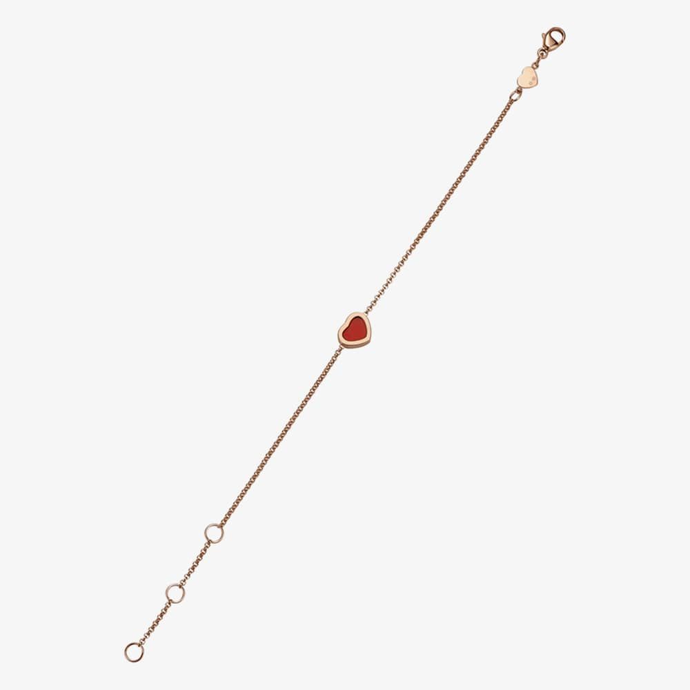 This elegant 18ct rose gold bracelet features a captivating red carnelian heart. Crafted with exquisite attention to detail, this bracelet combines the warm tones of rose gold with the bold beauty of carnelian, adding a touch of romance and sophistication to any look.
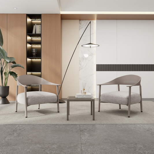 Furniture Set with Seat Cushions, Sturdy and Durable, in Warm Grey. Dimensions: 29.13*25*29.53 (in)/19.69*19.69*14.96 (in). Chair Body made of Plywood, Powder-coated Metal Legs, and PP Table.
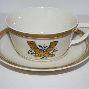 Royal Copenhagen Guldhornene med Orange Kant Kaffekop med Underkop No 883/948...
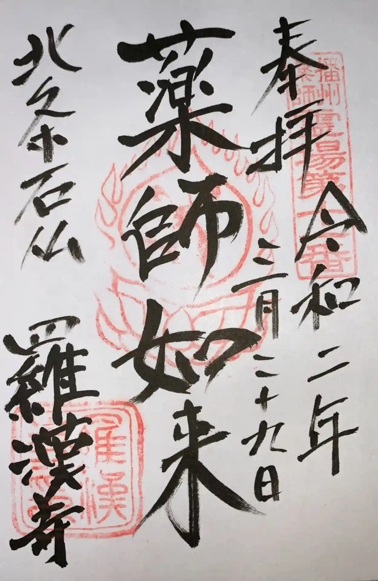 誰が造ったかわからない、素朴な石仏群があり、五百羅漢と呼ばれています。自分自身や親子、友達などに似ている顔が必ずあると言われています。何回目かの訪問で、ご朱印は昨年のものです。
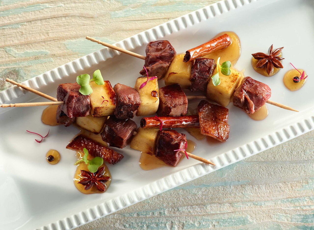 4. Por otro lado, en un palillo de brocheta de unos 20 cm de largo, colocar un cubo de pato, otro de manzana, así sucesivamente alternando hasta que la brocheta esté completa.
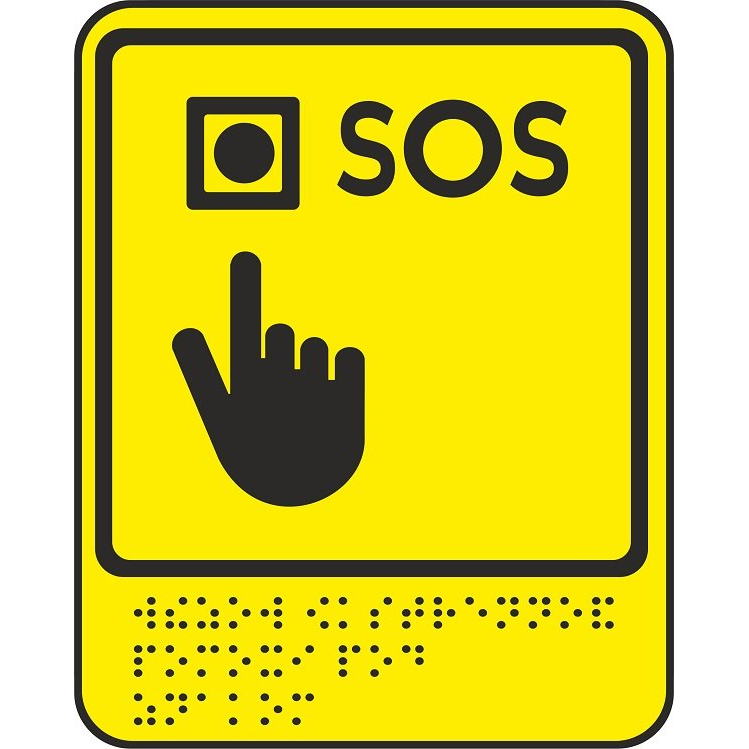 Информационно-тактильная табличка Знак кнопка вызова экстренной помощи, рельефная, со шрифтом Брайля, пластик, 160х200х5 мм
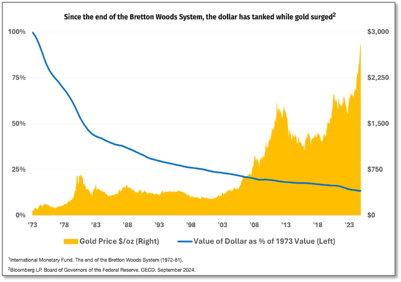 In the 60 years after the removal of silver from our coinage, the CPI grew 10-fold, from 31.6 during the summer of 1965 to 317.8 at its last reading, in March 2025. The dollar is down 98.9% to gold.
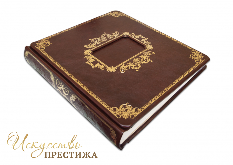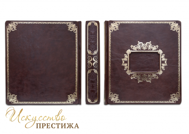 Французский составной переплет ручной работы выполнен из натуральной кожи «Prugna» производства итальянской кожевенной фабрики «Claudio». Обложка альбома двухуровневая, оформлена рельефным золотым тиснением, с использование фольги «Luxor 240» и глубоким блинтовым.
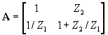, следовательно, А12 = Z2, а А22 = 1+ Z2/Z1.
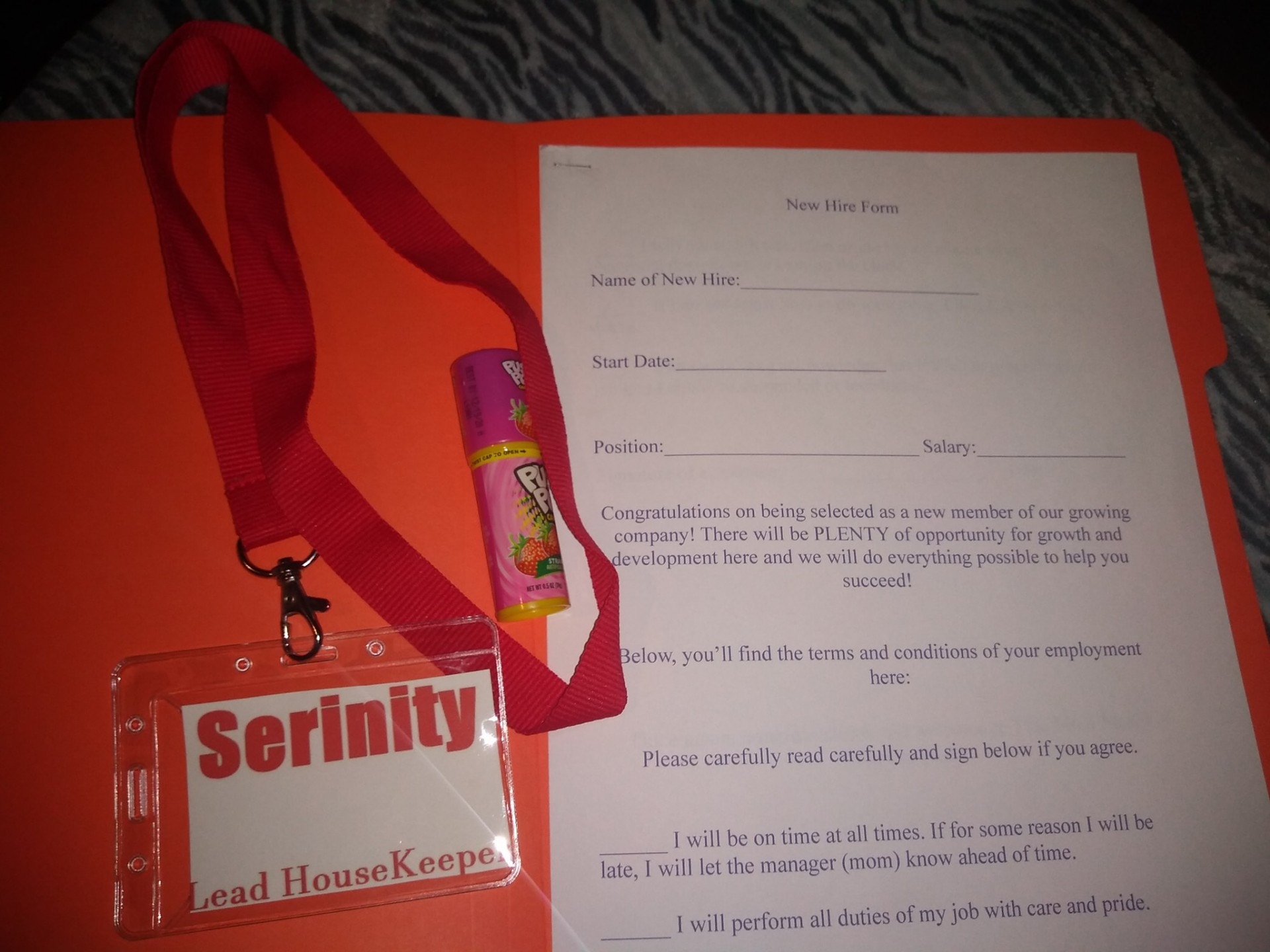 ▼3個孩子有不同的職位,想得到工作必須先填寫應徵表格,上班時還要戴上員工證,就像真正的公司一樣。
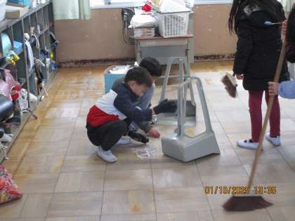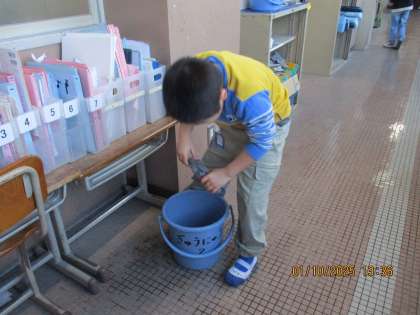 掃除時間も楽しんで!雑巾がこんなに黒くなったと嬉しそうに見せてくれました。いつもありがとう。
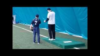 Tri-City Bomber's coach Luce working with the 13U pitchers
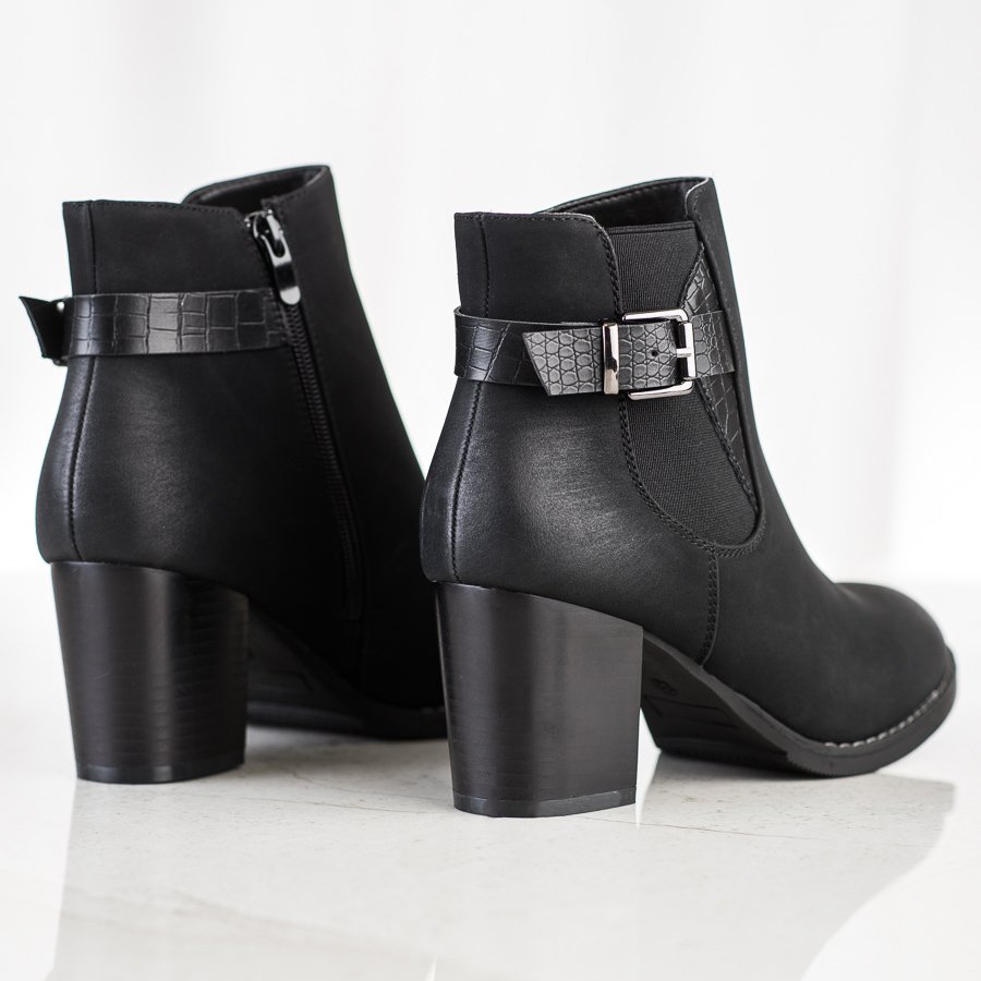 Découvrez l'élégance et le confort grâce aux bottines à talons hauts avec boucle décorative du fabricant J. Star. Ces bottines noires élégantes sont le choix parfait pour les femmes qui souhaitent allier style décontracté et élégant. Fabriqués en cuir écologique de haute qualité, ils séduisent non seulement par leur esthétique, mais aussi par leur confort de port.
★ ★ ★
PROBLEM TO SOLVE:
Given the records above, return the lines starting at the one that holds "掃除時間も楽しんで!雑巾がこ" and ending at the one that holds "Tri-City Bomber's coach", exactly, and nothing besides; leave every picture out.

RESULT FOR THIS EXERCISE:
 掃除時間も楽しんで!雑巾がこんなに黒くなったと嬉しそうに見せてくれました。いつもありがとう。
 Tri-City Bomber's coach Luce working with the 13U pitchers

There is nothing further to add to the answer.